Built-in metrics: exact_match, contains, numeric_difference, composite_and. Custom metrics return true/false or a DSPy::Prediction with score: and feedback: fields.
Use DSPy::Example for typed test data and export_scores: true to push results to Langfuse.
GEPA (Genetic-Pareto Reflective Prompt Evolution) uses reflection-driven instruction rewrites:
gem 'dspy-gepa'
teleprompter = DSPy::Teleprompt::GEPA.new(
metric: metric,
reflection_lm: DSPy::ReflectionLM.new('openai/gpt-4o-mini', api_key: ENV['OPENAI_API_KEY']),
feedback_map: feedback_map,
config: { max_metric_calls: 600, minibatch_size: 6 }
)
result = teleprompter.compile(program, trainset: train, valset: val)
optimized_program = result.optimized_program
The metric must return DSPy::Prediction.new(score:, feedback:) so the reflection model can reason about failures. Use feedback_map to target individual predictors in composite modules.
Replace opaque string context blobs with T::Struct inputs. Each field gets its own description: annotation in the JSON schema the LLM sees:
class NavigationContext < T::Struct
const :workflow_hint, T.nilable(String),
description: "Current workflow phase guidance for the agent"
const :action_log, T::Array[String], default: [],
description: "Compact one-line-per-action history of research steps taken"
const :iterations_remaining, Integer,
description: "Budget remaining. Each tool call costs 1 iteration."
end
class ToolSelectionSignature < DSPy::Signature
input do
const :query, String
const :context, NavigationContext # Structured, not an opaque string
end
output do
const :tool_name, String
const :tool_args, String, description: "JSON-encoded arguments"
end
end
Benefits: type safety at compile time, per-field descriptions in the LLM schema, easy to test as value objects, extensible by adding const declarations.
Control how DSPy describes signature structure to the LLM:
structured_outputs: trueschema_format: :baml) — 84% token reduction for Enhanced Prompting mode.
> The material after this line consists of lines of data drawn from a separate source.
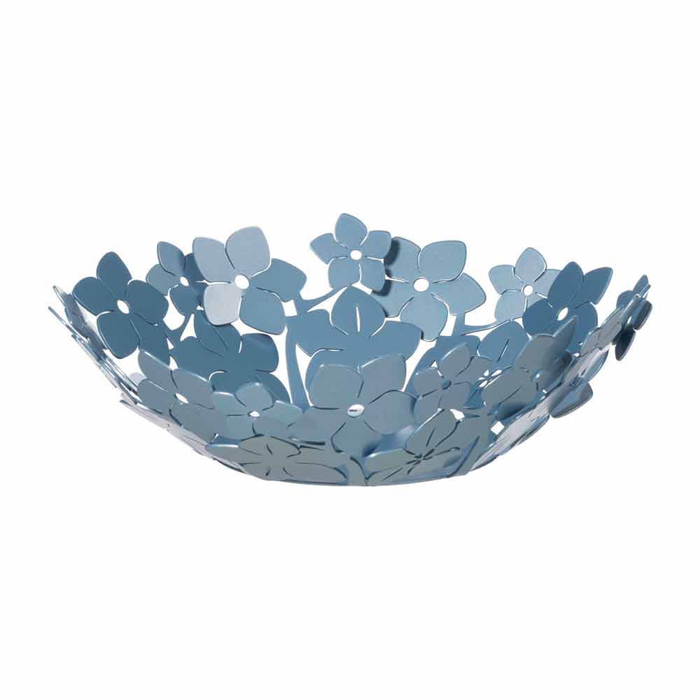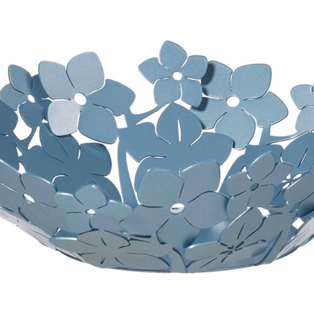 Centerpiece with modern style flowers, handcrafted in Italy in white iron, marble, light blue or mud.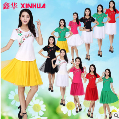春夏新款廣場舞蹈服表演服裝萊卡棉繡花大碼女裝團購定做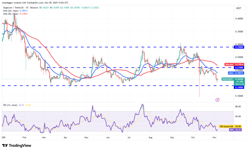 Conversely, if the price turns down from the 20-day EMA, the bears will again strive to pull the pair below the $0.14 support level. If they can pull it off, the Dogecoin price could retest the Oct. 10 intraday low of $0.10.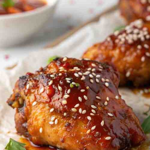 You can also freeze them if you made extra. Put the cooked chicken thighs (without sauce) in a freezer bag and keep them for up to two months. When you are ready to use them, thaw overnight in the fridge and toss them in the glaze after reheating.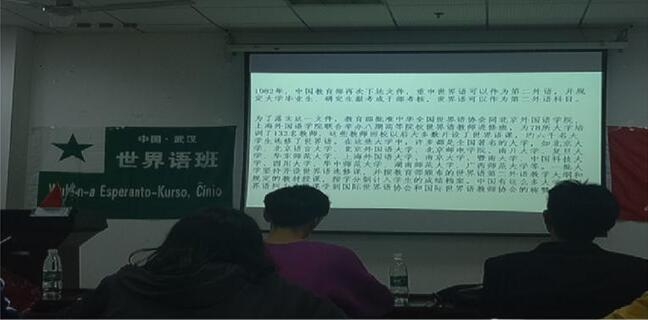 这次宣讲大会,是在星期五晚上七点,图书馆二楼的读者培训室进行的,这次活动的主办方是世界语协会,而参与者有本协会的成员,还有其他协会的成员以及对世界语感兴趣的同学,其中有三位世界语老师,而这一次主要由世界语其中的一位老师——熊老师和我们交流。她让我们对世界语有了新的了解和认识。为了我们对世界语有深刻的印象,熊老师为我们进行了深刻而又有趣的宣讲。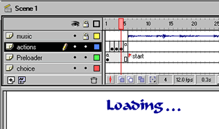 - Now click on the sixth frame in the Preloader layer and give it the label start. That's it your simple preloader is ready. Just make sure that all the stuff that you want to be displayed in your movie starts from the 6th frame and that you label the last frame of your completed movie as "end". Alternatively for Flash 5 and above you can use the following code instead of the code given in the first frame: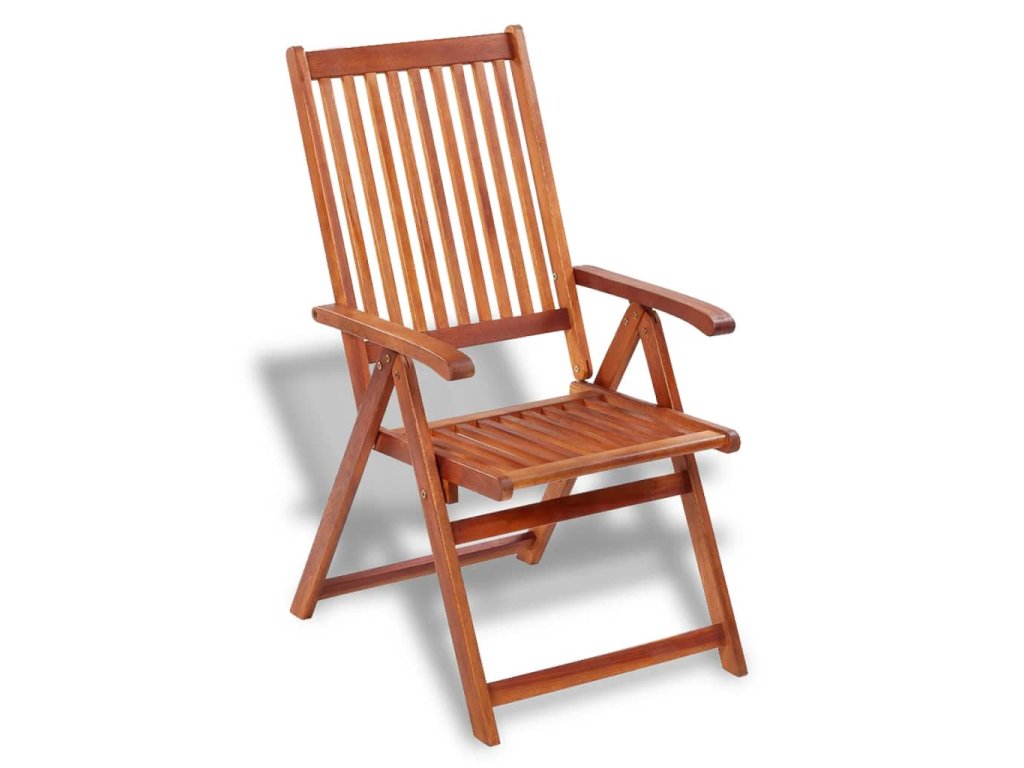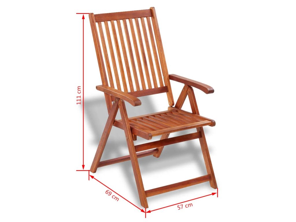 Táto jedálenská sada je vyrobená z vysokokvalitného akáciového dreva, tropického tvrdého dreva, ktoré má dlhú životnosť a je odolné voči vplyvom počasia. Povrch s olejovým náterom sa ľahko čistí pomocou navlhčenej handričky. Stoličku možno nastaviť do 5 polôh, čo vám poskytne optimálne pohodlie pri sedení. Pokiaľ sa stôl a stoličky nepoužívajú, je možné ich zložiť.

Requires sorbet-baml gem.schema_format: :toon, data_format: :toon) — Table-oriented format for both schemas and data. Enhanced Prompting mode only.BAML and TOON apply only when structured_outputs: false. With structured_outputs: true, the provider receives JSON Schema directly.
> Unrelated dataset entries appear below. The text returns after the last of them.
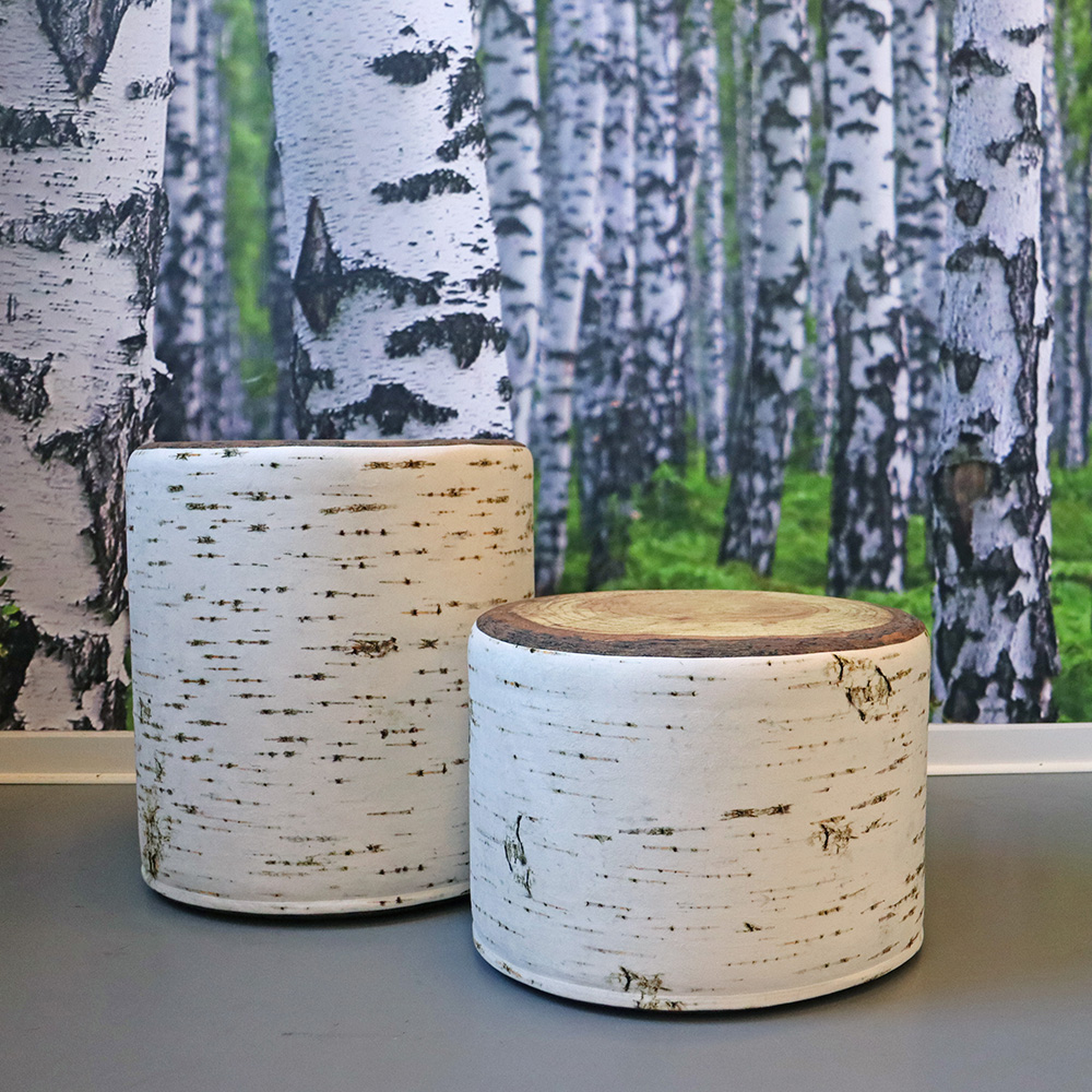 De opvallende stevige maar toch comfortabele en stabiele Floki Tree poefs lijken sprekend op een echte boomstronk en zijn verkrijgbaar in twee hoogtes voor zowel kinderen als volwassenen.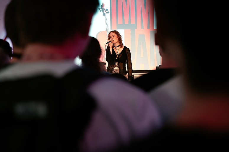 Die Abendsonne steht tief zwischen Gebäude 3 der Hochschule Düsseldorf und der Mensa. Mit ihren letzten Strahlen heizt sie die Konzertfans auf, die in Trauben vor dem Café Freiraum beieinander stehen. Wo der Eingang ist, erkennt man auf den zweiten Blick. Die Studierenden plaudern, Getränke in der Hand, Manche haben Instrumentenkoffer dabei. Im vorderen Bereich des Cafés Freiraum wandern die Getränke über die Theke, hier herrscht Kommen und Gehen. Mittendrin: Nora Bögel. Sie studiert Jazz- und Popklavier am IMM und gehört bei dieser Session zum Organisationsteam, genauso wie die Sängerinnen Anna Hummen und Sandra Zavada sowie der Jazztrompeter Jannis Verhoeven. Nach Rukas Auftritt eilt Bögel hin und her, um eine Band auf die Bühne zu bekommen, die nach dem Opener den Auftakt zum Jammen macht. „Typisch, zuerst will niemand, und am Ende kommen sie plötzlich alle.“ Jeder könne da mitmachen, sagt sie. Und musikalisch-stilistisch gebe es auch keine Grenzen. „Rock, Pop, auch Musicals werden gecovert. Dann hatten wir einen Rapper da, der hat Hip-Hop gemacht, mit einer sehr großen Bandbesetzung. Und ansonsten haben wir eben viel Groove- und auch Jazz-Einflüsse.“ Bilder und Videos vergangener Sessions sind Instagram zu sehen und zu hören. Auch alle Termine werden dort gepostet.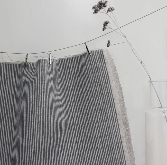 Natural Linen Fabric printed with Grey stripes. Medium weight fabric.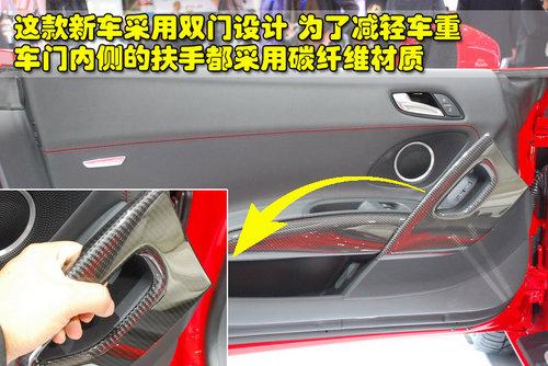 奧迪R8 4.2L敞篷版采用雙門開啟方式,為了減輕車重,車門內側的扶手都采用碳纖維材質打造。而且車門的內襯大部分都采用真皮材質包裹,質地非常柔軟。車門內側還設計了儲物空間,方便存放比較小的隨身物品。

Persist and reload optimized programs with DSPy::Storage::ProgramStorage:
storage = DSPy::Storage::ProgramStorage.new(storage_path: "./dspy_storage")
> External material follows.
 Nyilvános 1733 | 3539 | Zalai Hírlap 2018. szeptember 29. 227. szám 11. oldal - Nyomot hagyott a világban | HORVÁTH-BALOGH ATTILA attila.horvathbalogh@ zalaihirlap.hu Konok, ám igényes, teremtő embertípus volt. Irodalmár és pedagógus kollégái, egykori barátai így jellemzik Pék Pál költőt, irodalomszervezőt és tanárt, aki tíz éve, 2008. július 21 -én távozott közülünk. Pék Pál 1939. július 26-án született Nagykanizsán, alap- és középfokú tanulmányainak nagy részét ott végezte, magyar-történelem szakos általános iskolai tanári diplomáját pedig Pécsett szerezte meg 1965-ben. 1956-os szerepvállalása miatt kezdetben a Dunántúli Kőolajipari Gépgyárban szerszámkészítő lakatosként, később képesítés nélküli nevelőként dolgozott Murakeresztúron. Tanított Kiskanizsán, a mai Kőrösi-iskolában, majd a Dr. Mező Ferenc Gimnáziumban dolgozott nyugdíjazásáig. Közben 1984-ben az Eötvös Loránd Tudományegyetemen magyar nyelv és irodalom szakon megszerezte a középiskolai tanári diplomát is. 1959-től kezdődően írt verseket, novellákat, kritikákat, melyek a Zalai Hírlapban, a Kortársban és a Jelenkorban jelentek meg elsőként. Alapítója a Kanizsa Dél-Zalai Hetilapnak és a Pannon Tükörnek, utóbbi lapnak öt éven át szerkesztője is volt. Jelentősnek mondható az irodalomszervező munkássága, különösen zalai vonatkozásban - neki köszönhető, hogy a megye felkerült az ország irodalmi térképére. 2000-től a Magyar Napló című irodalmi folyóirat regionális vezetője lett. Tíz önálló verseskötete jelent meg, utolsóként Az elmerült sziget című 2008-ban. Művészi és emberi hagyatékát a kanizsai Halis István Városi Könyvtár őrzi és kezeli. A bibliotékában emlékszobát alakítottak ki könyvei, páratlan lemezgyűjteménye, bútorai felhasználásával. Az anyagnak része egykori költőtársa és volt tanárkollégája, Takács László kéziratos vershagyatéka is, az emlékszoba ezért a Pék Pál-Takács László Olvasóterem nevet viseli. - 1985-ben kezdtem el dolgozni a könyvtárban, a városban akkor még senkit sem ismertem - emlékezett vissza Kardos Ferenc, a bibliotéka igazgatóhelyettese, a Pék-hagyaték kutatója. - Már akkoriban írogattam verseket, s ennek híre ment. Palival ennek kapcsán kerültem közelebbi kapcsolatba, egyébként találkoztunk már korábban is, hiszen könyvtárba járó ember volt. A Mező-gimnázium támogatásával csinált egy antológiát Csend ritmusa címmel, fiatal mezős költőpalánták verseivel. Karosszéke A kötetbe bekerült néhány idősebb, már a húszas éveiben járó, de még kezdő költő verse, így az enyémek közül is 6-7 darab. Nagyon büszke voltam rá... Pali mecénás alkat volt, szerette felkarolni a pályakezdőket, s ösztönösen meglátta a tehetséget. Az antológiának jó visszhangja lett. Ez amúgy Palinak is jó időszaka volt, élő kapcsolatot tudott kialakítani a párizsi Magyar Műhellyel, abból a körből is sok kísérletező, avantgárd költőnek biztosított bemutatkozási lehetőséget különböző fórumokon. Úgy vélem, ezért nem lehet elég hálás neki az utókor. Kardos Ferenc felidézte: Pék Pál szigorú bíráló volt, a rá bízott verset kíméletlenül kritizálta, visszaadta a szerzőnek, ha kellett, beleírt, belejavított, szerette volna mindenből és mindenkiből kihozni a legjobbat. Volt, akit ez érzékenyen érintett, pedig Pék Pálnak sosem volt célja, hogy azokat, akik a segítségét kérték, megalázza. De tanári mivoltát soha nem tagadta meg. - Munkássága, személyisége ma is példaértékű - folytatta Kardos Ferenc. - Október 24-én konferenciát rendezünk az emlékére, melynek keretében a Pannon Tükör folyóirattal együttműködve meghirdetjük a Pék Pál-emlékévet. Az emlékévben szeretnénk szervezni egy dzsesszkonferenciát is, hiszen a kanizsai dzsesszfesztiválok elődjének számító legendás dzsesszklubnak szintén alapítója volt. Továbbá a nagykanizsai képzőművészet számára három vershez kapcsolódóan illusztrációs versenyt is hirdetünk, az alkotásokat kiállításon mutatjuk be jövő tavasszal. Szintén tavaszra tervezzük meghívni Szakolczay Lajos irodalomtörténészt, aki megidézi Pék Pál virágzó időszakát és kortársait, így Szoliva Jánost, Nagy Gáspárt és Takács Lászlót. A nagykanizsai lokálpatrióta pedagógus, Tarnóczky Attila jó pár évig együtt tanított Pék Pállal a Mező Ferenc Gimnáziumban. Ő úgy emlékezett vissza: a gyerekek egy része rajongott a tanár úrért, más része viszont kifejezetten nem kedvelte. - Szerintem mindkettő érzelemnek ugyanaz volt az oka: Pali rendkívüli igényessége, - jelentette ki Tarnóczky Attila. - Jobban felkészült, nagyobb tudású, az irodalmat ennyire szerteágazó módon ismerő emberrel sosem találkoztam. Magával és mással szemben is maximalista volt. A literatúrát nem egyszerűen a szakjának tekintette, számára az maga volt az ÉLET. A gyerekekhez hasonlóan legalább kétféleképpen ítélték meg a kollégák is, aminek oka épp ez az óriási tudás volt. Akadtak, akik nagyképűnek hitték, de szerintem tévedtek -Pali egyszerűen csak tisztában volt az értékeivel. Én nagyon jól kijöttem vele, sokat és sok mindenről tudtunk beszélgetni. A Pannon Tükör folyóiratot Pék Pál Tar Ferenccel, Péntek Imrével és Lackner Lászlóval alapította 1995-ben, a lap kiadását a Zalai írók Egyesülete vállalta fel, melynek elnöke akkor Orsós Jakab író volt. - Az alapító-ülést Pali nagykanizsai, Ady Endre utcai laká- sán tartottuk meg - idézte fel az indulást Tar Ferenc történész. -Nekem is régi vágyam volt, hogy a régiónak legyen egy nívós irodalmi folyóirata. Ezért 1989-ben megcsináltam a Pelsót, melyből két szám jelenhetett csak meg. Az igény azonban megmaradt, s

storage.save_program(result.optimized_program, result, metadata: { optimizer: 'MIPROv2' })
Supports checkpoint management, optimization history tracking, and import/export between environments.
Organize DSPy components using Rails conventions:
app/
entities/ # T::Struct types shared across signatures
signatures/ # DSPy::Signature definitions
tools/ # DSPy::Tools::Base implementations
concerns/ # Shared tool behaviors (error handling, etc.)
modules/ # DSPy::Module orchestrators
services/ # Plain Ruby services that compose DSPy modules
config/
initializers/
dspy.rb # DSPy + provider configuration
feature_flags.rb # Model selection per role
spec/
signatures/ # Schema validation tests
tools/ # Tool unit tests
modules/ # Integration tests with VCR
vcr_cassettes/ # Recorded HTTP interactions
# config/initializers/dspy.rb
Rails.application.config.after_initialize do
next if Rails.env.test? && ENV["DSPY_ENABLE_IN_TEST"].blank?
RubyLLM.configure do |config|
config.gemini_api_key = ENV["GEMINI_API_KEY"] if ENV["GEMINI_API_KEY"].present?
config.anthropic_api_key = ENV["ANTHROPIC_API_KEY"] if ENV["ANTHROPIC_API_KEY"].present?
config.openai_api_key = ENV["OPENAI_API_KEY"] if ENV["OPENAI_API_KEY"].present?
end
model = ENV.fetch("DSPY_MODEL", "ruby_llm/gemini-2.5-flash")
DSPy.configure do |config|
config.lm = DSPy::LM.new(model, structured_outputs: true)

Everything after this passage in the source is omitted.